玉城デニー知事、3選目指して出馬表明
沖縄県の玉城デニー知事(66歳)は、10日に開催された定例記者会見において、次期知事選挙への立候補意向を正式に表明しました。選挙は8月27日に告示され、9月13日に投開票が行われる予定で、玉城氏は3期目の当選を目指す姿勢を明確にしました。さらに、詳細な政策や展望については、25日に那覇市内で開催される出馬会見で発表する計画です。
辺野古移設の是非が主要争点に
玉城知事は記者会見の中で、米軍普天間飛行場の名護市辺野古への移設問題について、今後の選挙戦における重要な争点になるとの認識を示しました。この問題は、玉城氏を支持する「オール沖縄」勢力が強く反対しており、政府の移設計画と対立する構図が浮き彫りになっています。玉城氏は「2期8年間で様々な分野で成果を上げてきたが、新たな取り組みを含め、3期目に向けた考えを発表したい」と述べ、継続的なリーダーシップをアピールしました。
出馬会見の延期と事故の影響
当初、玉城氏は3月下旬に出馬会見を開く方向で調整を進めていましたが、3月16日に辺野古沖で発生した事故を受けて延期を余儀なくされました。
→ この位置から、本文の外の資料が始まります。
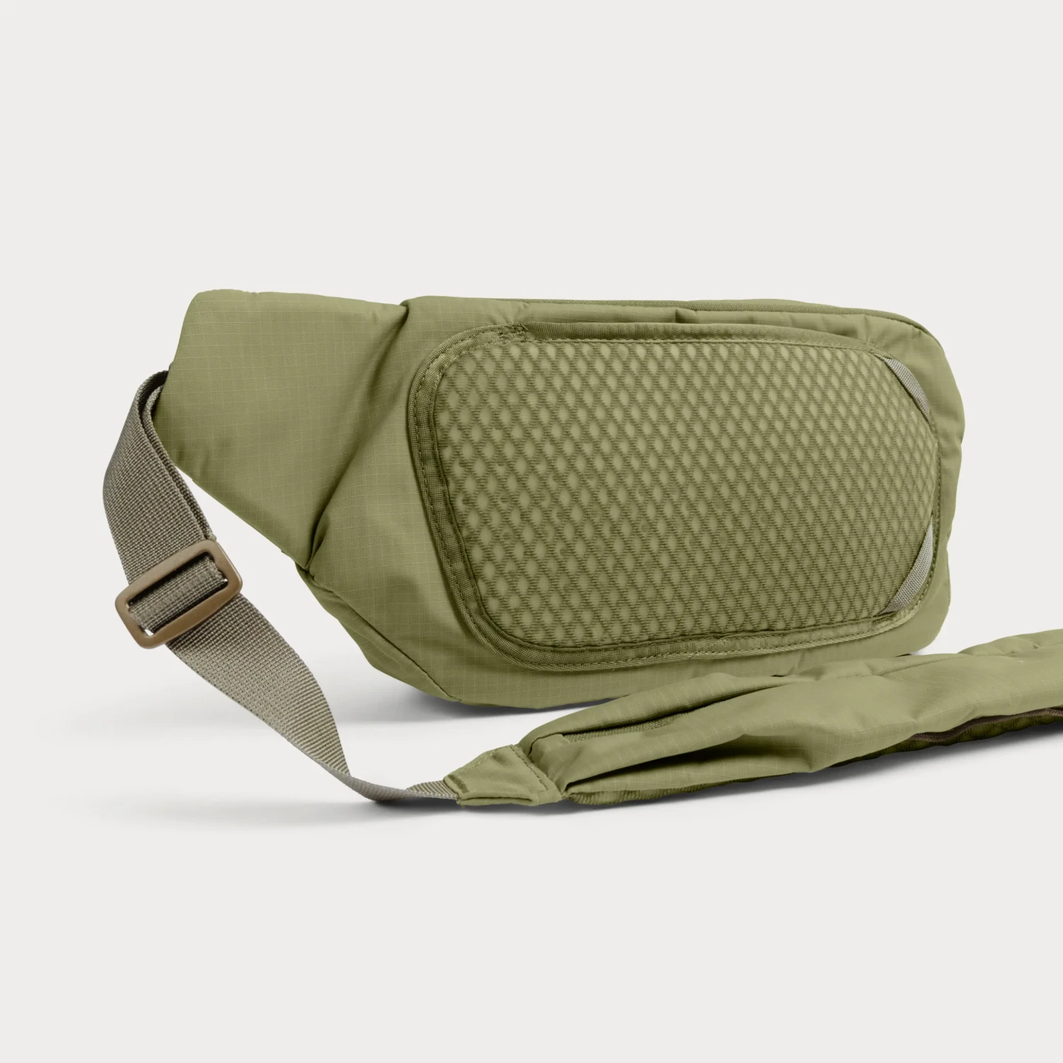 Pritrdi se na glavni trak, da ustvari tritočkovno držanje, ki torbo varno drži na telesu, medtem ko se premikate.
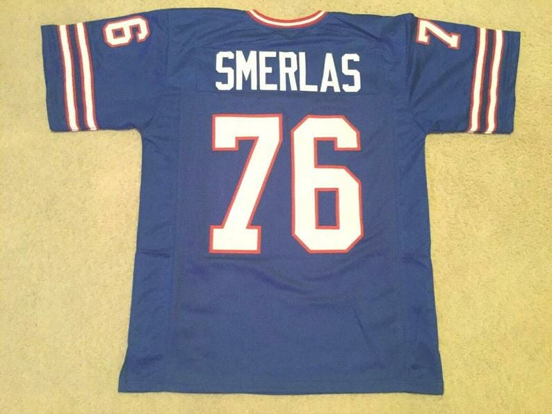 Celebrate your football fandom with this Football jersey ! This Fred Smerlas UNSIGNED CUSTOM Sewn Stitched Blue Jersey is in various size men and features a combination of stitched-embroidery. You’ll look just like your favorite football players when you rock this football jersey!
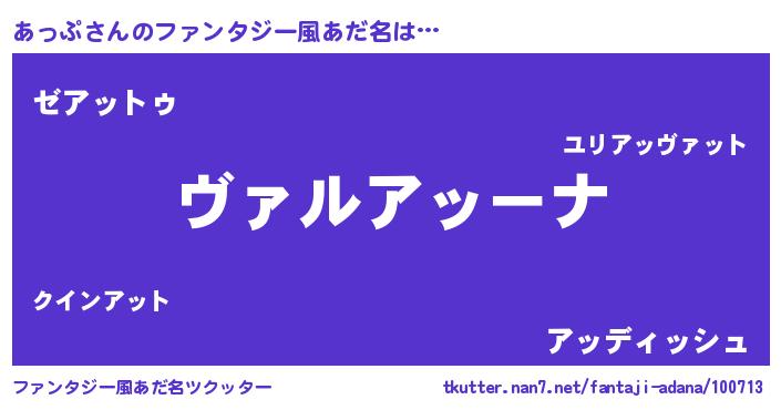 | 意味不明あだ名 | 『住所不定無職あっぷ(3歳)』『自称あっぷ』 |
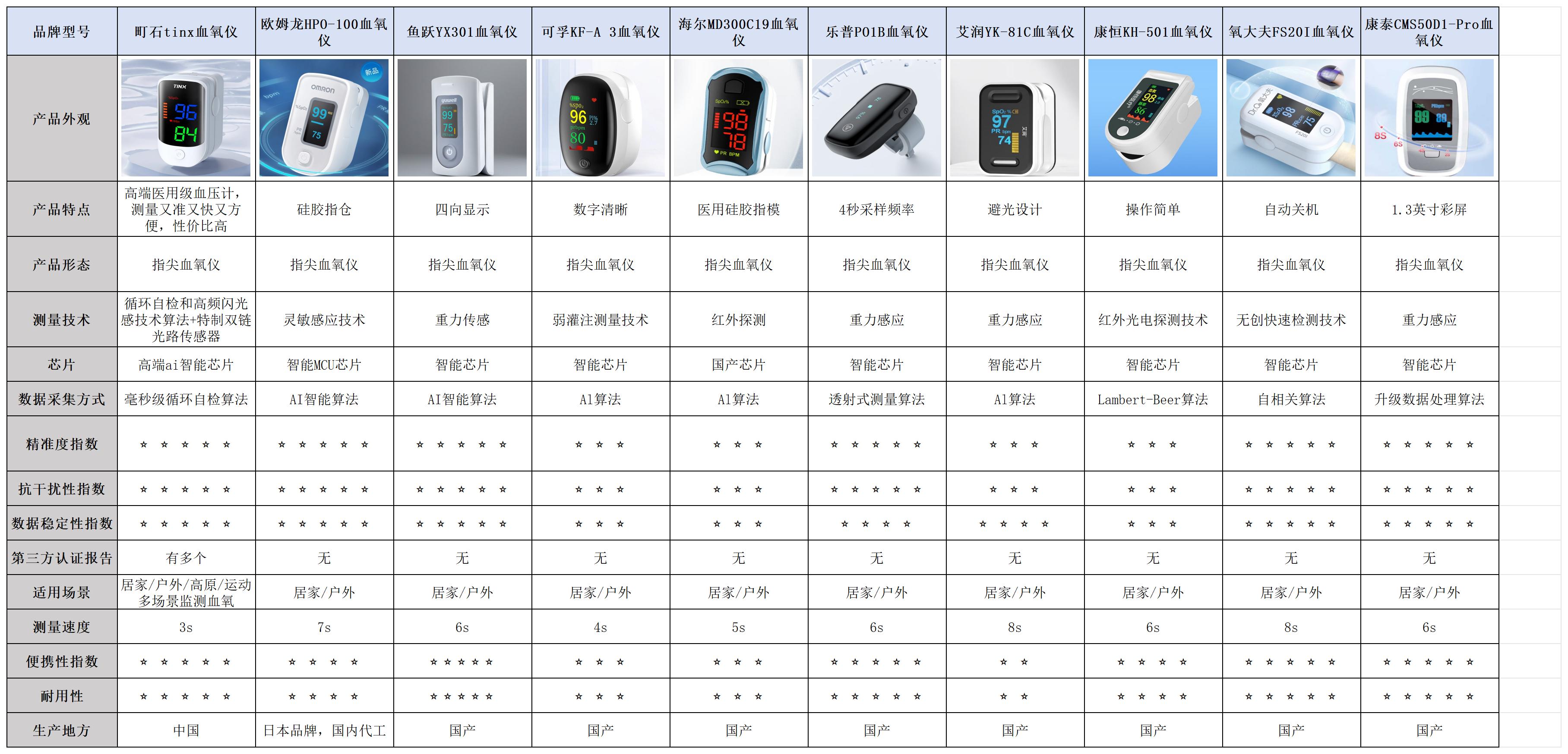 【10款血氧仪测评内容解析】
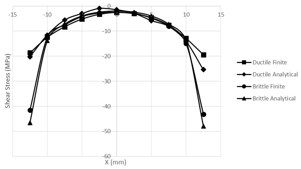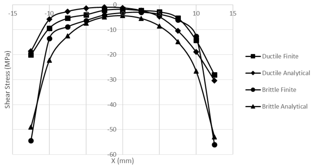 As seen in all of the figures, the analytical solution for the one-dimensional case and the FEM solution for the two-dimensional cases produced close results. In addition, the brittle adhesive Loctite was employed in the joint. The brittle and ductile adhesives were compared. The mechanical properties of the brittle adhesive are close to those of the ductile adhesive given in Table 3.
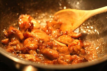 Đun nóng dầu, phi thơm hành tỏi rồi cho gà vào đảo cho săn thịt rồi nêm sốt me, dầu hào cho vừa miệng, nếu ăn cay có thể thêm chút ớt hoặc sate.
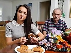 Young babe gets banged by footworship grandpa
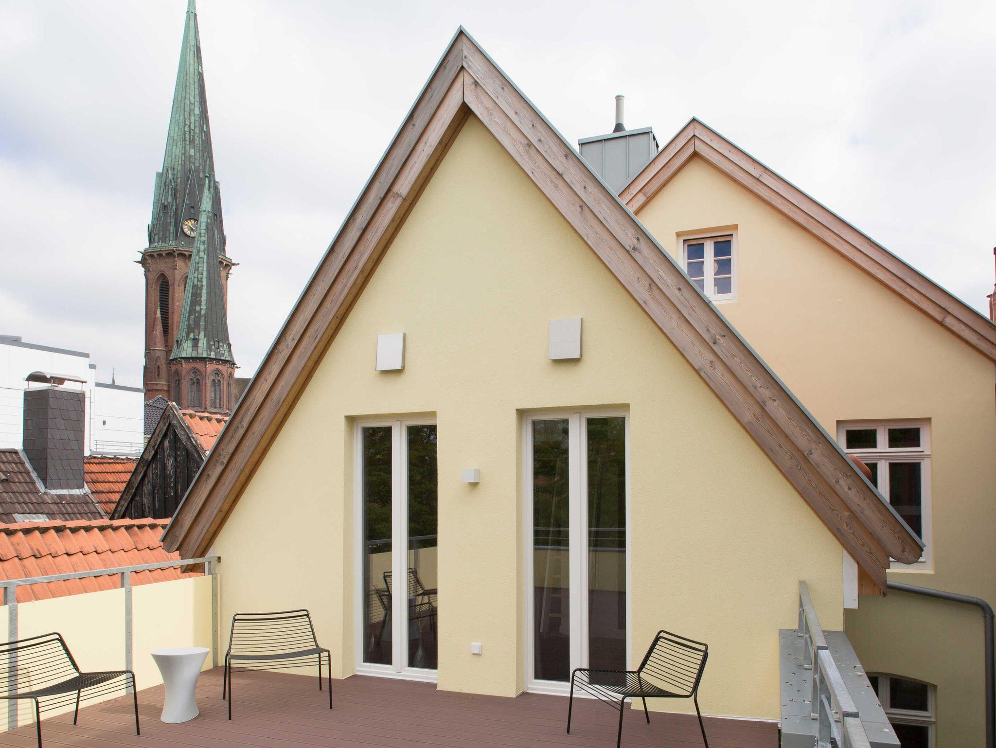 Die stilvolle Unterkunft am Schlossplatz liegt im unmittelbaren Stadtzentrum Oldenburgs. Sie ist nur ca. 60 m vom historischen Schloss entfernt & bietet zudem zahlreiche Restaurants in direkter Nähe. Sie können unsere Unterkünfte wahlweise mit Blick in den Garten oder mit Blick auf die historische Altstadt buchen. WLAN nutzen Sie in unseren Unterkünften kostenfrei.

この事故では、移設反対派が運航する小型船2隻が転覆し、女子高校生を含む2名が死亡する悲劇が起きており、選挙情勢にも影響を与えています。玉城氏はこの延期について、慎重な対応を取ったことを強調しました。
自民党支援候補との一騎打ちが予想
知事選を巡っては、12年ぶりの県政奪還を目指す自民党が支援する前那覇市副市長の古謝玄太氏(42歳)と、政治団体代表の木下隆政氏(69歳)がすでに出馬を表明しています。特に古謝氏は辺野古移設を容認する立場を取っており、玉城氏との間で事実上の一騎打ちとなる公算が大きいと見られています。この対立構図は、沖縄県政の行方だけでなく、日米安全保障体制にも関わる重要な選挙戦となりそうです。
玉城知事の出馬表明は、沖縄の政治情勢に新たな動きをもたらし、辺野古問題を中心とした激しい論戦が展開されることが予想されます。選挙戦を通じて、県民の声がどのように反映されるかが注目されるでしょう。